Se tournant vers Chigiru, il commenta sa préparation.
"Vous faites bien de vous préparer à cette attaque, mais vous ne comprenez pas ce que je vous ai raconté, certainement parce que vous n'avez pas été là pour la voir chuter. La cité d'Esseroth est extraordinaire, gigantesque. Ses murailles vous donneraient le vertige si vous étiez à leur sommet. C'est une cité qu'on ne pourrait que qualifier d'imprenable. Mertar aurait tout à envier à cette cité. Et pourtant, je l'ai vue chuter en quelques heures. Il a suffit d'un seul assaut pour la voir s'effondrer. Ses citoyens, tous mages aux pouvoirs décuplés par leur monde ont été décimés. Et nous, nous n'avons que des soldats, entraînés, certes, mais QUE des soldats. Il nous faut un soutien magique, ou alors, il faut que l'on trouve enraye la progression des armées avant qu'elles n'arrivent ici. Car lorsqu'ils seront là, ce ne sont pas les murs de cet avant-poste ridicule qui les empêcheront d'atteindre le fluide."

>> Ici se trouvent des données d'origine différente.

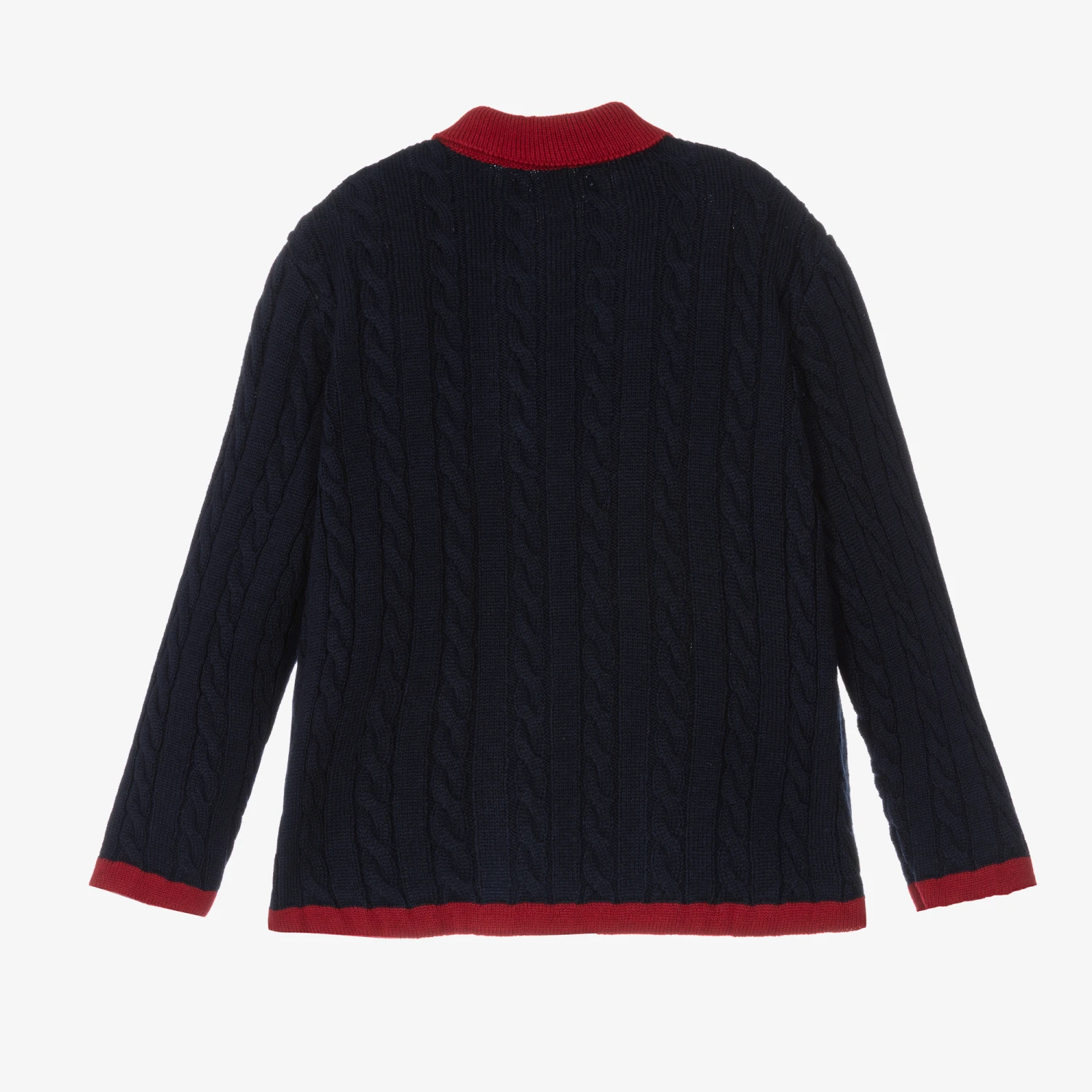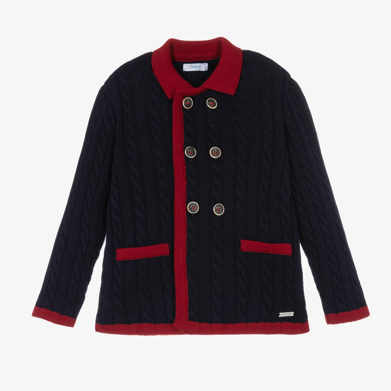 Smart navy blue cardigan for boys by Spanish brand Foque, with red trim. This soft, wool-blend cable knit is designed with a collar, faux pockets and double-breasted button fastenings for a classic look. The designer’s logo plate is stitched on the front hem.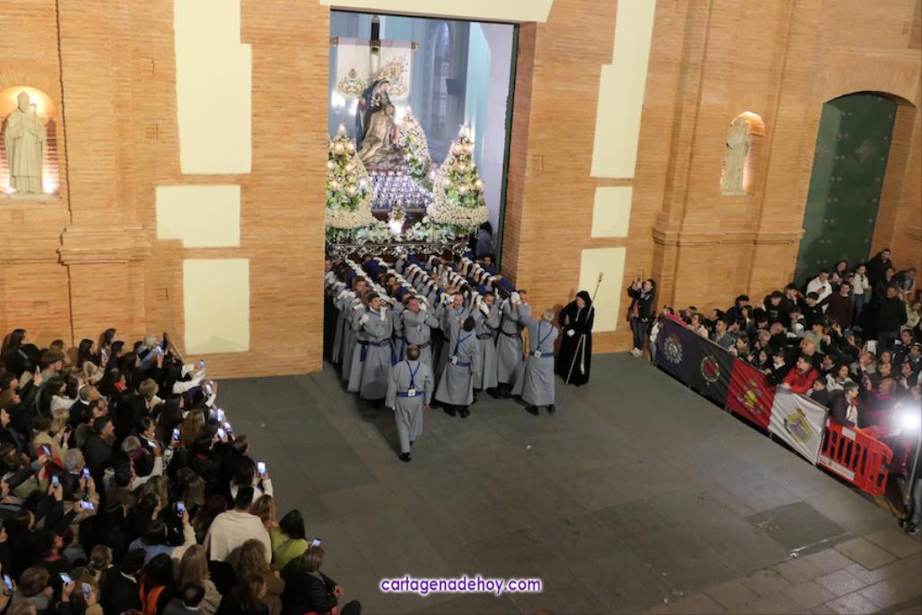 A las diez y siete minutos toda la procesión estaba en la calle. Veinte minutos después de la medianoche ha llegado el primer trono, el Cáliz, que en otro tiempo fue carro insignia de la cofradía, a Santa María. A la una menos veinte lo ha hecho la cúpula de la Caridad y a la una ha alcanzado el trono principal la emblemática rampa de la iglesia, dentro de una recogida en la que se ha ofrecido la última saeta de la noche (con la ganadora del certamen organizado fechas atrás, Ana Cayetana Atienza) y que que ha culminado con el emocionante canto de la salve cartagenera, la interpretación del himno de España, los cohetes estallando en el cielo y los momentos de mayor júbilo de la noche.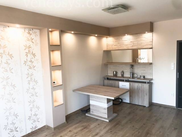 Kuchnia jest wydzielona, ​​ale w każdej chwili można ją połączyć z salonem i przedpokojem, gdyż oddzielona jest ścianą z cegły o grubości 10 cm (ściana działowa).
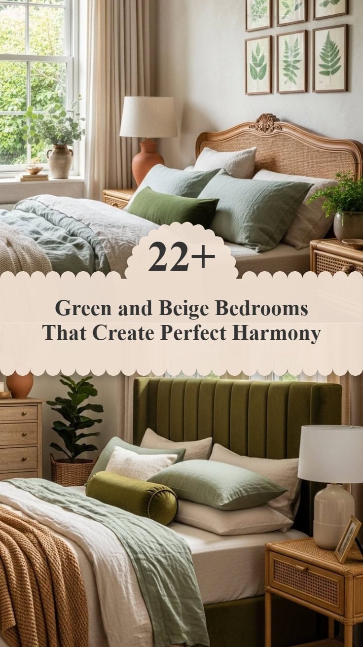 There’s something undeniably soothing about pairing green and beige in a bedroom—it’s like bringing the tranquility of nature right into your home. These earthy tones create a restful retreat that feels both grounded and refreshing.
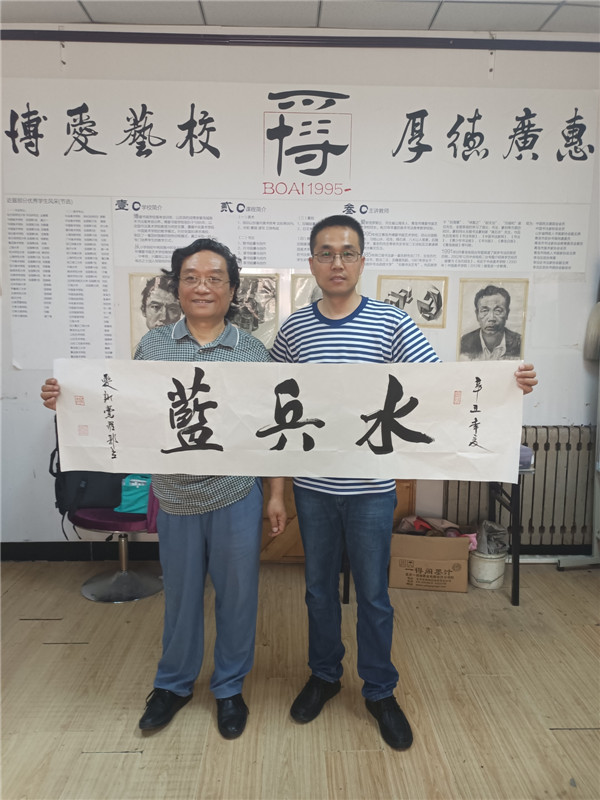 接過(guò)郭立先生的“水兵藍(lán)”作品,周學(xué)禮表示要好好珍惜書(shū)法家給自己的鼓勵(lì)和鞭策,自己一定好好努力,將“水兵藍(lán)”掛在自己的辦公室。每天有郭立先生的榜樣作參照,自己也會(huì)有無(wú)窮的力量,將“水兵藍(lán)”做強(qiáng)做大,無(wú)愧當(dāng)兵的歷史。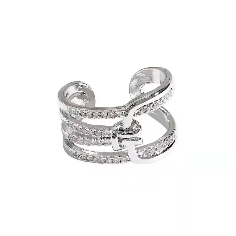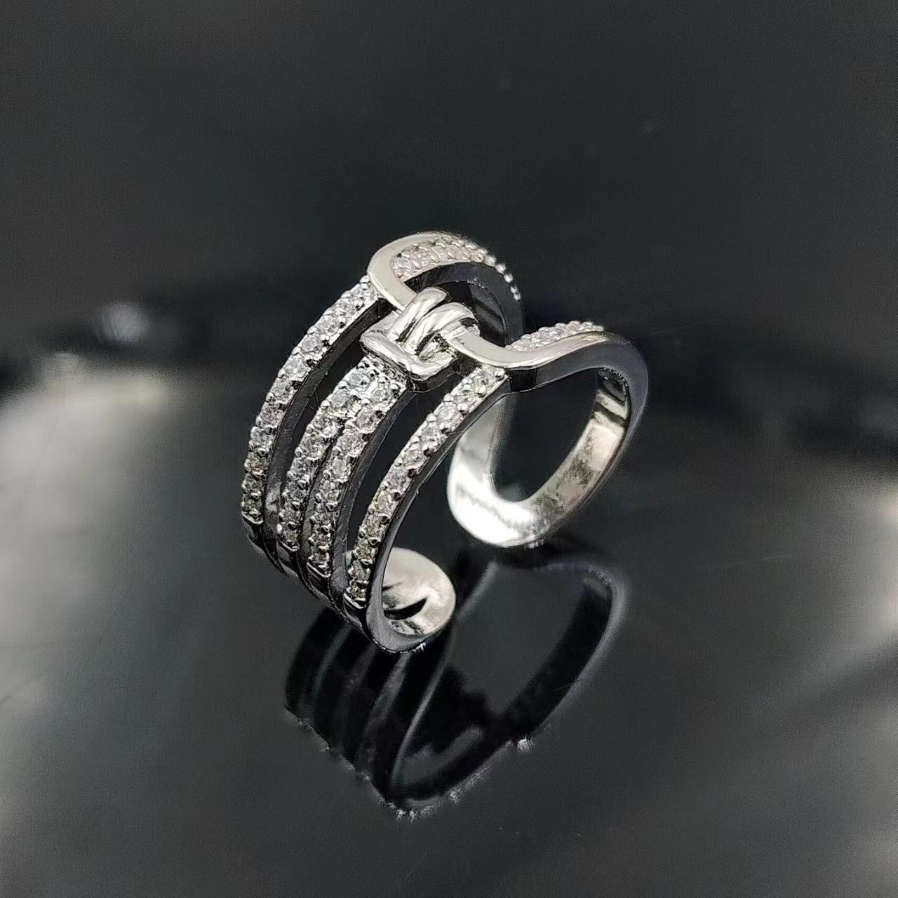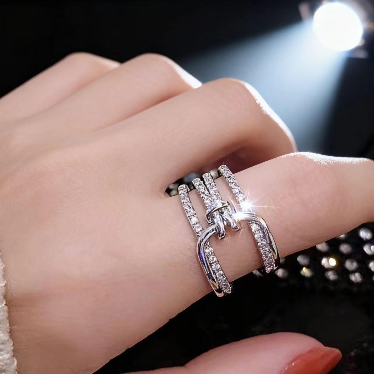 Anillo de circonita con incrustaciones de diamantes de moda y tendencia para mujer, anillo de índice abierto versátil de alta calidad, joyería retro de lujo ligera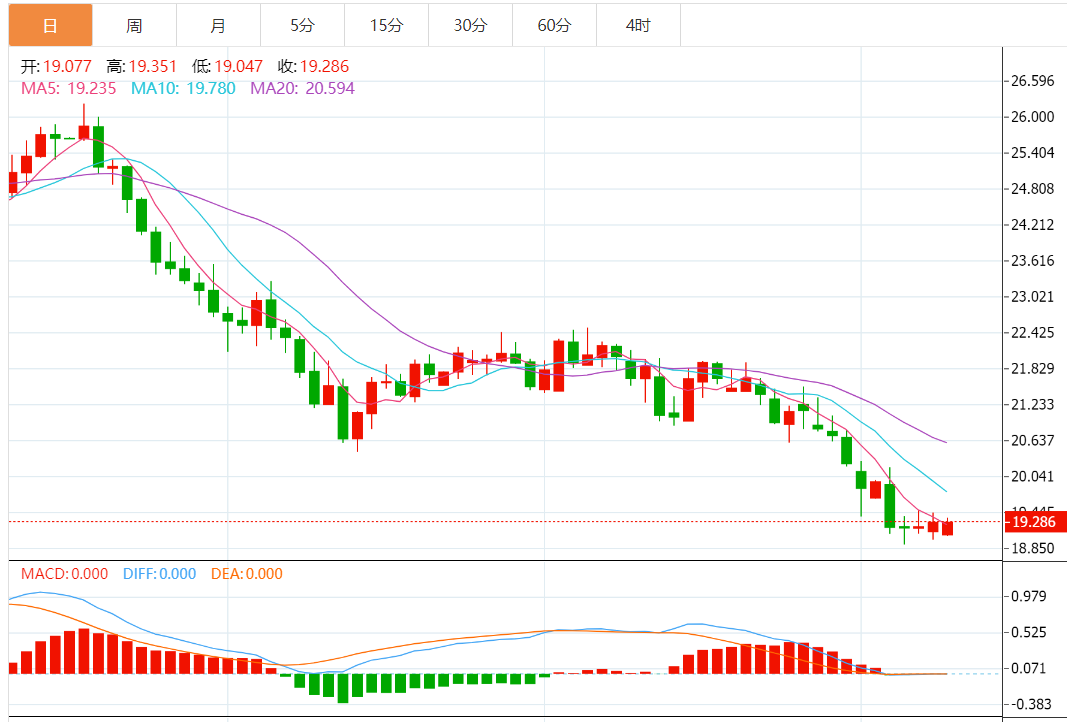 日图显示,银价在主要均线下方交易,各主要均线仍保持下行势头,随机指标走高。4小时图显示,银价在10和20周期均线附近交易,仍低于下滑的100和200周期均线,随机指标持平。小时图显示,银价在上扬的10和20小时均线上方交易,但低于下滑的100和200周期均线,随机指标走高。日内建议在19.45附近卖出,反弹至19.60附近加仓,止损位设于19.75。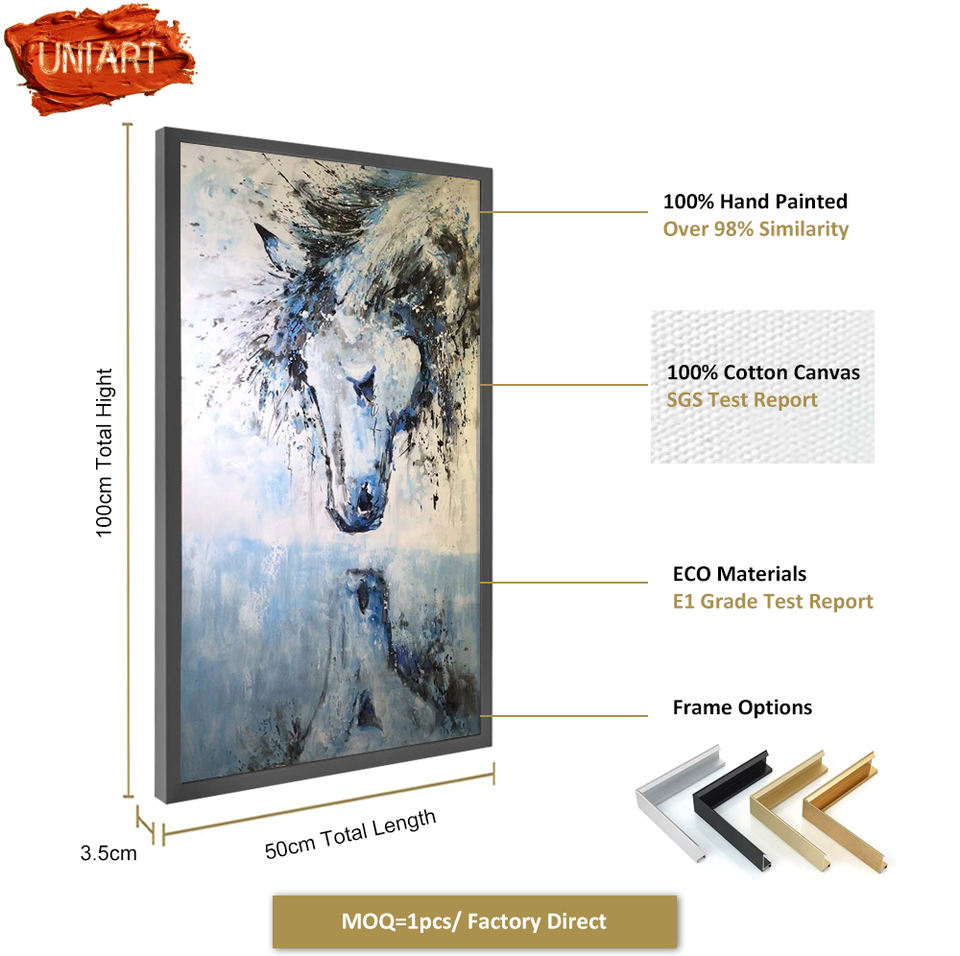 UNIART Custom Made White Horse Acrylic Oil Painting on Canvas Pure Hand Painted Impressionism Oil Painting Wall Art for Gallery

Il s'arrêta un instant. Il se remémora encore à quel point il avait été proche de vaincre Vallel. Il fallait seulement qu'il ne soit pas vu... Ou qu'on lui permette de ne pas être touché par la magie.
"J'ai vu Vallel et j'ai failli le vaincre, seul, en ayant traversé une armée. A plusieurs aventuriers, nous pourrons couper la tête du serpent. Mais il nous faut de la magie, ou alors il nous faut un moyen d'enrayer la sienne. Car s'il vous voit et l'utilise contre vous, rien ne pourra vous sauver. Nous ne pourrons pas le vaincre au sein d'une bataille... Alors il nous faut l'assassiner."
Il serra la Masamune. Il se demanda un moment si ce n'était pas ce sabre qui le rendait si dur depuis le début de cette mission.
"Je ne puis bringuebaler en attendant que l'on se prépare. Si vous ne m'accordez pas d'autre mission pour enrayer leurs plans, alors je me porte volontaire, avec plusieurs compagnons, pour aller vaincre le meneur d'humanoïdes."